Mary Koss, Ph.D., is a Regents’ Professor in the Mel and Enid Zuckerman College of Public Health at the University of Arizona. She published the first national study of sexual assault among college students in 1987, which is the subject of the newly released I Never Called it Rape: The Ms. Report on Recognizing, Fighting and Surviving Date and Acquaintance Rape. Her current funded projects are two randomized trial evaluations of sexual assault prevention: Safer Bars focuses on perpetration prevention, and E-AAA (a victimization prevention program enhanced with self-defense) focuses on victimization prevention. Other ongoing interests are campus climate surveys, misconduct response processes, and accountability for those responsible for sexual assault. She was the principal investigator of the RESTORE Program; the first restorative justice program for sex crimes among adults that was quantitatively evaluated. She has received awards from the American Psychological Association: the Award for Distinguished Contributions to Research in Public Policy (2000), Award for Distinguished Contributions to the International Advancement of Psychology (2017), and the Carolyn Wood Sherif Award for Sustained Contributions to Psychology of Women.

 

Donna Freitas, Ph.D., is the author of both fiction and nonfiction, and she lectures at universities across the US on her work about college students. She is a non-resident research associate at the Center for Religion and Society at Notre Dame. Freitas has been a professor at Boston University in the Department of Religion and at Hofstra University in their Honors College. She is author of Sex and the Soul: Juggling Sexuality, Spirituality, Romance, and Religion on America’s College Campuses (Oxford University Press, 2008), Consent on Campus: A Manifesto (Oxford University Press, 2019), and Consent: A Memoir of Unwanted Attention (Little, Brown and Co, 2019).

Catherine Jacquet, P.h.D., is Assistant Professor of History and Women’s and Gender Studies at Louisiana State University.
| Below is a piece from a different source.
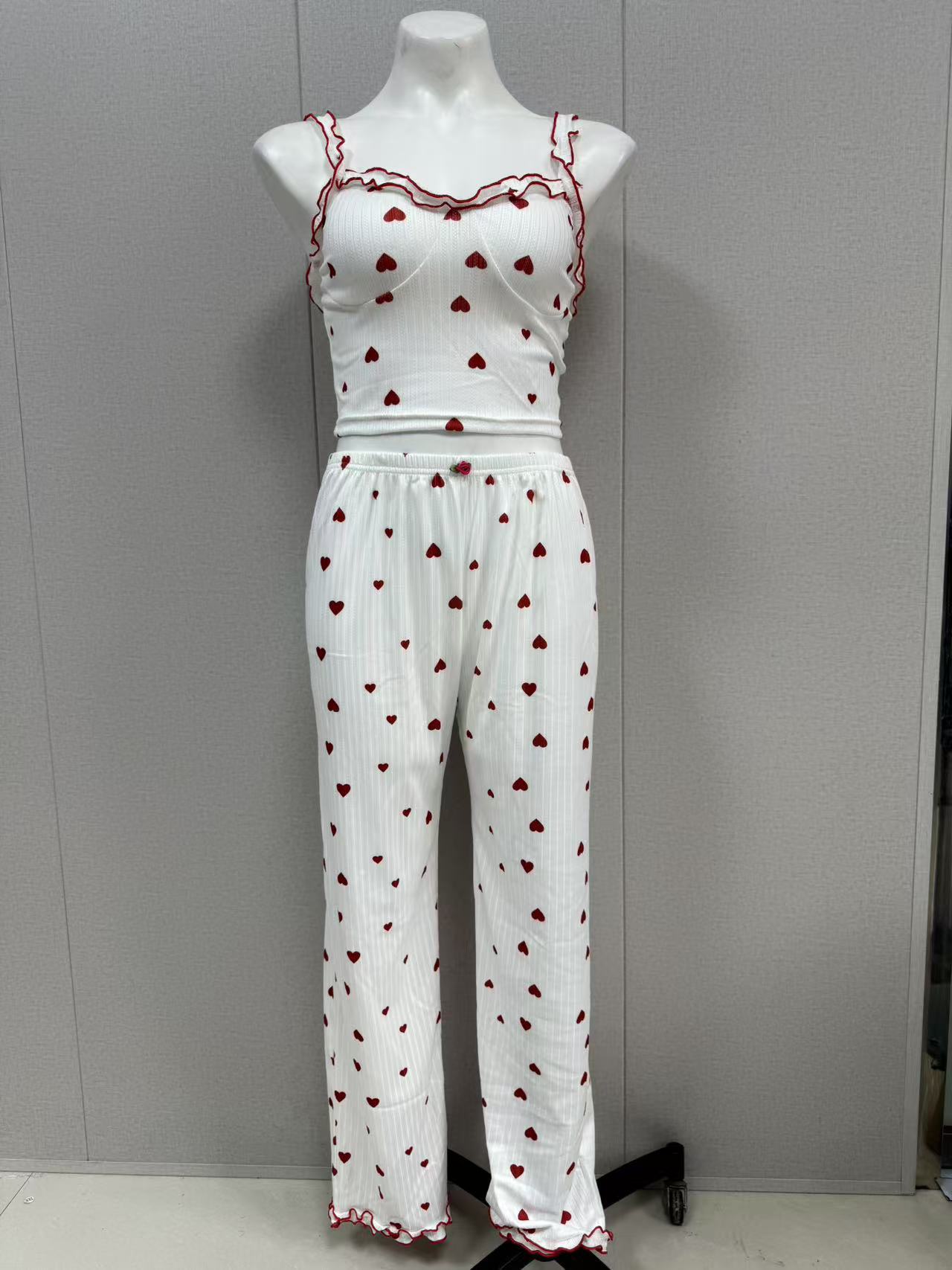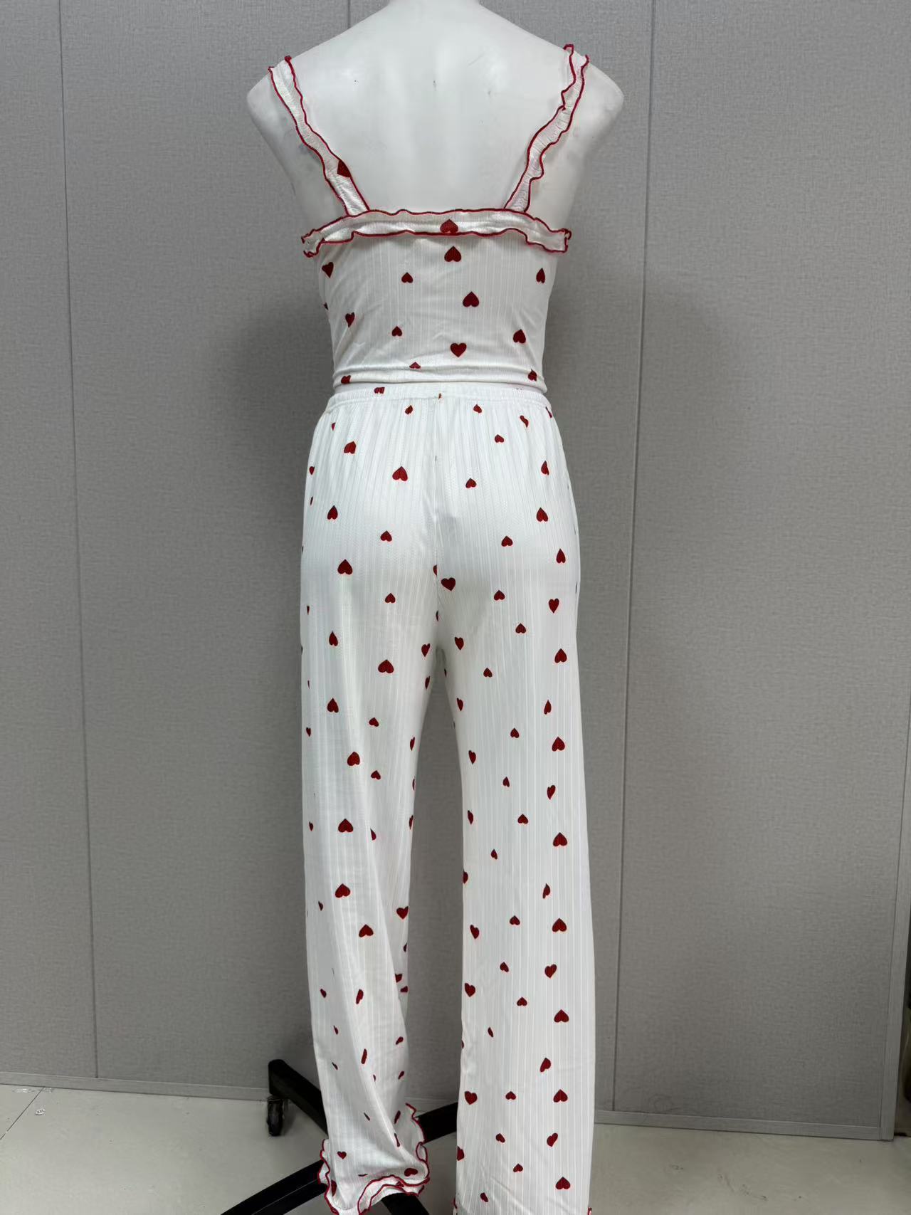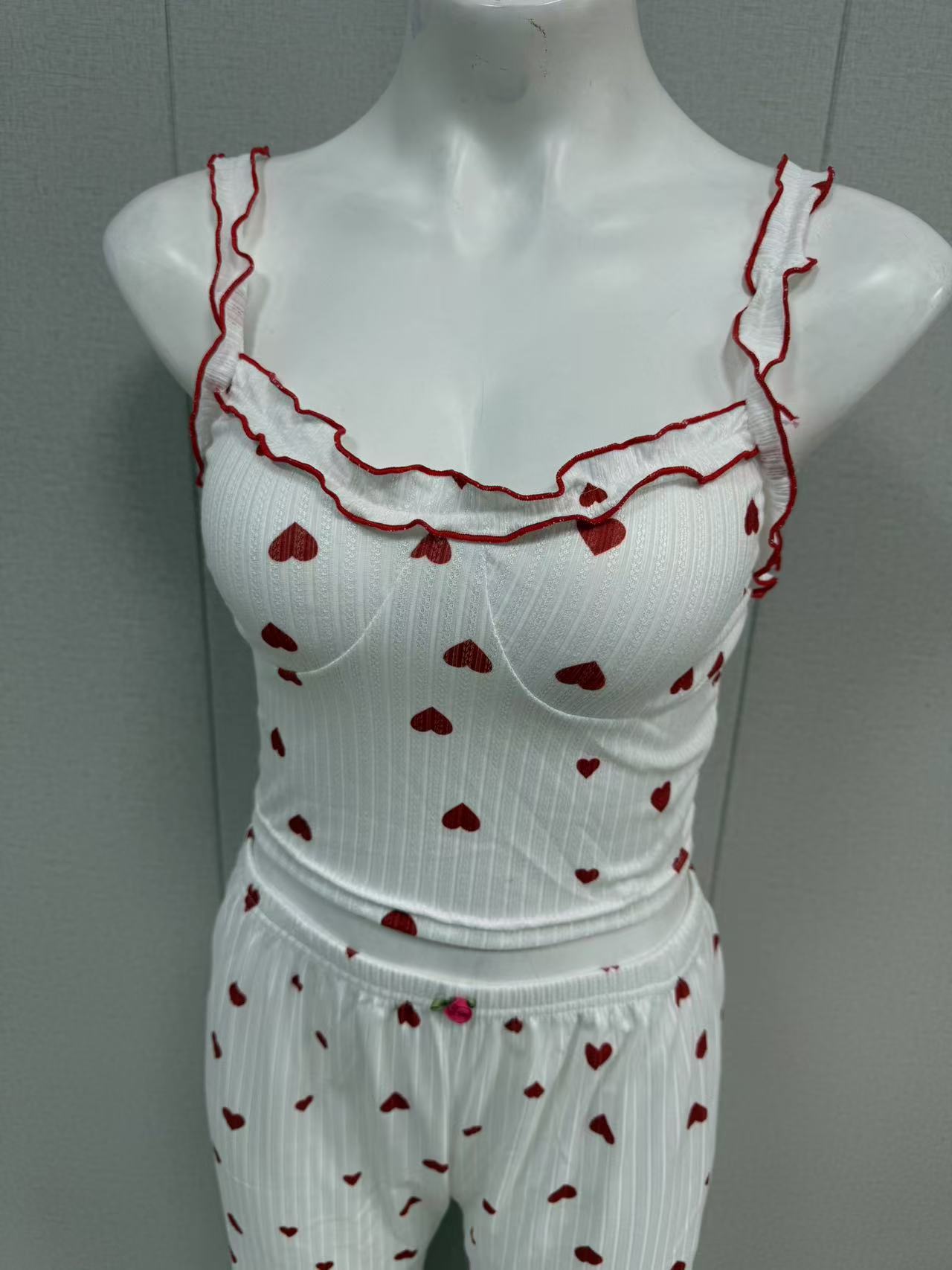 Pantalones cortos de tirantes de comercio exterior 2025, sexys, con volantes, estampado de amor multicolor, ropa informal cómoda para el hogar

She is the author of The Injustices of Rape: How Activists Responded to Sexual Violence, 1950-1980 (UNC Press, 2019) and Guest Curator, “Confronting Violence, Improving Women’s Lives” exhibition with the National Library of Medicine, Bethesda, Maryland, Sept 2015 – Aug 2016. Her research focuses on 20th century US social movements, sexual violence, anti-rape activism, and rape law.

 

Crystal Feimster, Ph.D., is a tenured Associate Professor of African American Studies, History and American Studies at Yale University. Feimster’s academic focus is racial and sexual violence; currently, she is completing a project on rape during the American Civil War. Her book, Southern Horrors: Women and the Politics of Rape and Lynching, focuses on two women journalists, Ida B. Wells, who campaigned against lynching, and Rebecca Latimer Felton, who urged white men to prove their manhood by lynching black men accused of raping white women.

 

Donna Coker, JD, is Professor of Law and Dean’s Distinguished Scholar at the University of Miami School of Law. Her scholarship focuses on criminal law, gender, and race inequality. She is a nationally recognized expert in intimate partner violence (IPV) law and policy. Her research concerns the connection between economic vulnerability and IPV; restorative justice responses to IPV and sexual harm; and the intersections of gender and race subordination in criminal law doctrine, policy, and application. Her research is interdisciplinary and influenced by scholarship in critical race feminism, restorative justice, public health, and criminology.

 

Raymond (Ray) Douglas, Ph.D., is Russell Colgate Distinguished University Professor of History at Colgate University. His most recent work, Orderly and Humane: The Expulsion of the Germans after the Second World War (2012), received the 2013 George Louis Beer Prize from the American Historical Association. He is the author of the memoir, On Being Raped (Beacon Press, 2016).

Ray Douglas interviewed by Izabela Steflja, Professor of Practice in Political Science, Tulane.